Eads, Gage gage.eads at intel.com
Mon Jan 28 19:54:25 CET 2019



> -----Original Message-----
> From: Ola Liljedahl [mailto:Ola.Liljedahl at arm.com]
> Sent: Monday, January 28, 2019 4:36 AM
> To: jerinj at marvell.com; mczekaj at marvell.com; Eads, Gage
> <gage.eads at intel.com>; dev at dpdk.org
> Cc: olivier.matz at 6wind.com; stephen at networkplumber.org; nd
> <nd at arm.com>; Richardson, Bruce <bruce.richardson at intel.com>;
> arybchenko at solarflare.com; Ananyev, Konstantin
> <konstantin.ananyev at intel.com>
> Subject: Re: [dpdk-dev] [PATCH v3 2/5] ring: add a non-blocking implementation
> 
> On Fri, 2019-01-25 at 17:21 +0000, Eads, Gage wrote:
> >
> > >
> > > -----Original Message-----
> > > From: Ola Liljedahl [mailto:Ola.Liljedahl at arm.com]
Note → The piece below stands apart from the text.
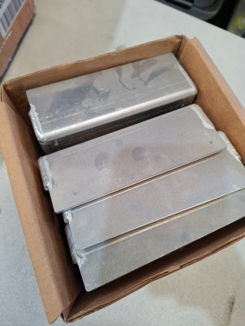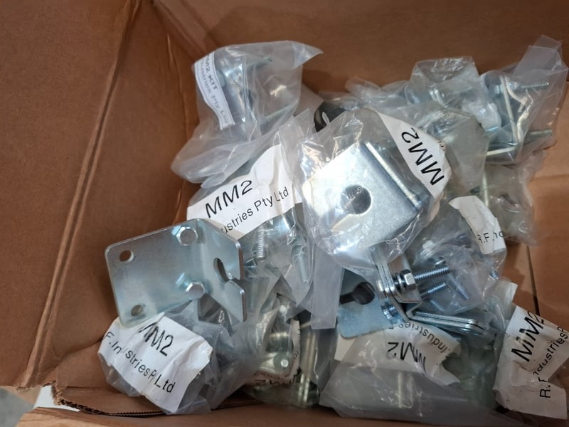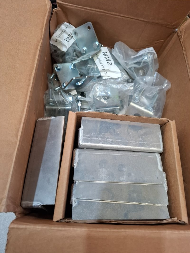 Assortment box of aluminium plates and metal brackets SOLD AS LOT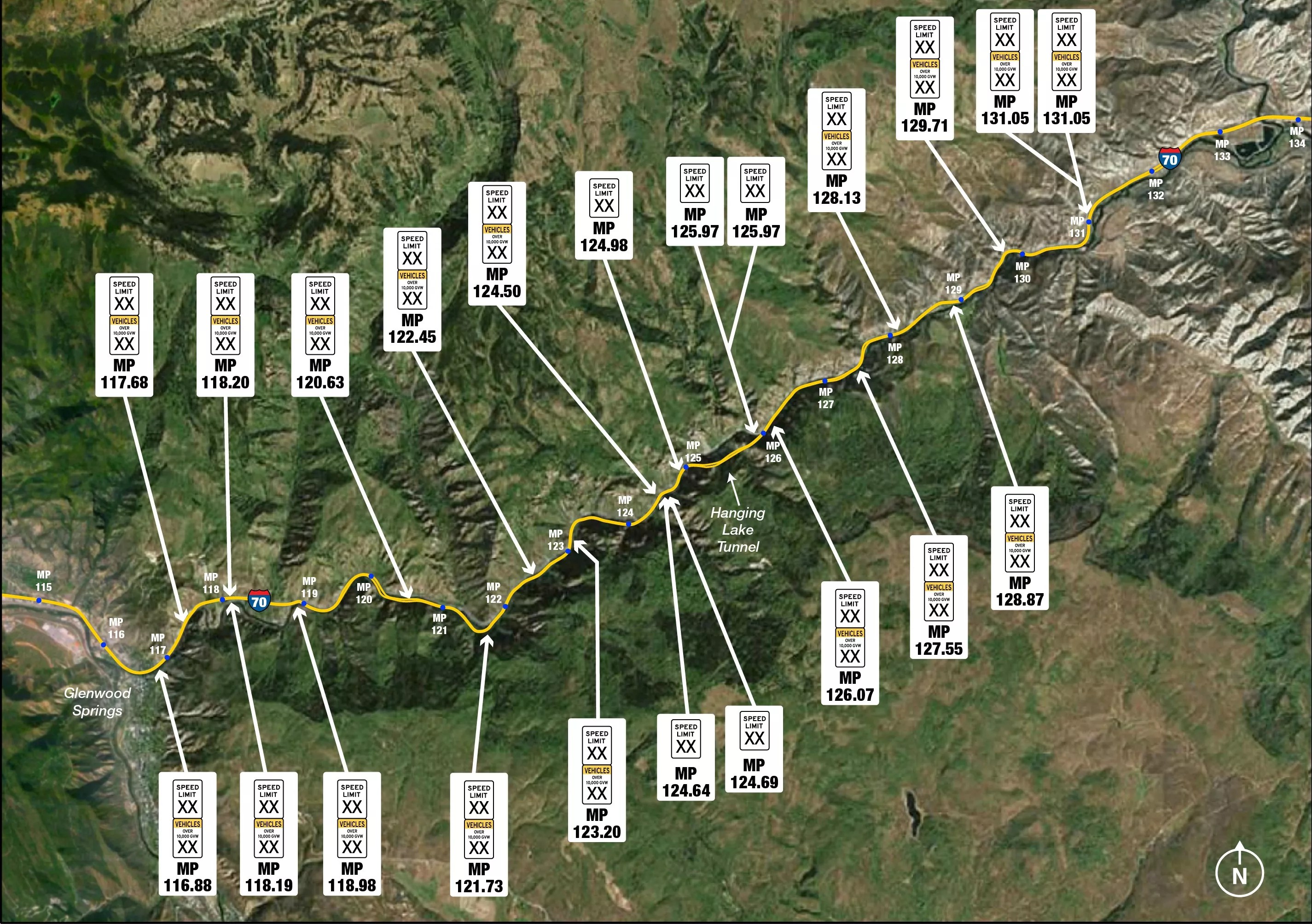 A map showing the locations where signs will be placed along the Glenwood Canyon route.

> > > Sent: Wednesday, January 23, 2019 4:16 AM
> > > To: Eads, Gage <gage.eads at intel.com>; dev at dpdk.org
> > > Cc: olivier.matz at 6wind.com; stephen at networkplumber.org; nd
> > > <nd at arm.com>; Richardson, Bruce <bruce.richardson at intel.com>;
> > > arybchenko at solarflare.com; Ananyev, Konstantin
> > > <konstantin.ananyev at intel.com>
> > > Subject: Re: [dpdk-dev] [PATCH v3 2/5] ring: add a non-blocking
> > > implementation
> > >
> > > On Tue, 2019-01-22 at 21:31 +0000, Eads, Gage wrote:
> > > >
> > > > Hi Ola,
> > > >
> > > > <snip>
> > > >
> > > > >
> > > > >
> > > > > >
> > > > > >
> > > > > > @@ -331,6 +433,319 @@ void rte_ring_dump(FILE *f, const struct
> > > > > > rte_ring *r);
> > > > > >  #endif
> > > > > >  #include "rte_ring_generic_64.h"
> > > > > >
> > > > > > +/* @internal 128-bit structure used by the non-blocking ring
> > > > > > +*/ struct nb_ring_entry {
> > > > > > +	void *ptr; /**< Data pointer */
> > > > > > +	uint64_t cnt; /**< Modification counter */
> > > > > Why not make 'cnt' uintptr_t? This way 32-bit architectures will
> > > > > also be supported. I think there are some claims that DPDK still
> > > > > supports e.g.
> > > > > ARMv7a
> > > > > and possibly also 32-bit x86?
> > > > I chose a 64-bit modification counter because (practically
> > > > speaking) the ABA problem will not occur with such a large counter
> > > > -- definitely not within my lifetime. See the "Discussion" section
> > > > of the commit message for more information.
> > > >
> > > > With a 32-bit counter, there is a very (very) low likelihood of
> > > > it, but it is possible. Personally, I don't feel comfortable
> > > > providing such code, because a) I doubt all users would understand
> > > > the implementation well enough to do the risk/reward analysis, and
> > > > b) such a bug would be near impossible to reproduce and root-cause
> > > > if it did occur.
> > > With a 64-bit counter (and 32-bit pointer), 32-bit architectures (e.g.
> > > ARMv7a and
> > > probably x86 as well) won't be able to support this as they at best
> > > support 64-bit CAS (ARMv7a has LDREXD/STREXD). So you are
> > > essentially putting a 64-bit (and 128-bit CAS) requirement on the
> > > implementation.
> > >
> > Yes, I am. I tried to make that clear in the cover letter.
> >
> > >
> > > >
> > > >
> > > > >
> > > > >
> > > > >
> > > > > >
> > > > > >
> > > > > > +};
> > > > > > +
> > > > > > +/* The non-blocking ring algorithm is based on the original
> > > > > > +rte ring (derived
> > > > > > + * from FreeBSD's bufring.h) and inspired by Michael and
> > > > > > +Scott's non-blocking
> > > > > > + * concurrent queue.
> > > > > > + */
> > > > > > +
> > > > > > +/**
> > > > > > + * @internal
> > > > > > + *   Enqueue several objects on the non-blocking ring
> > > > > > +(single-producer only)
> > > > > > + *
> > > > > > + * @param r
> > > > > > + *   A pointer to the ring structure.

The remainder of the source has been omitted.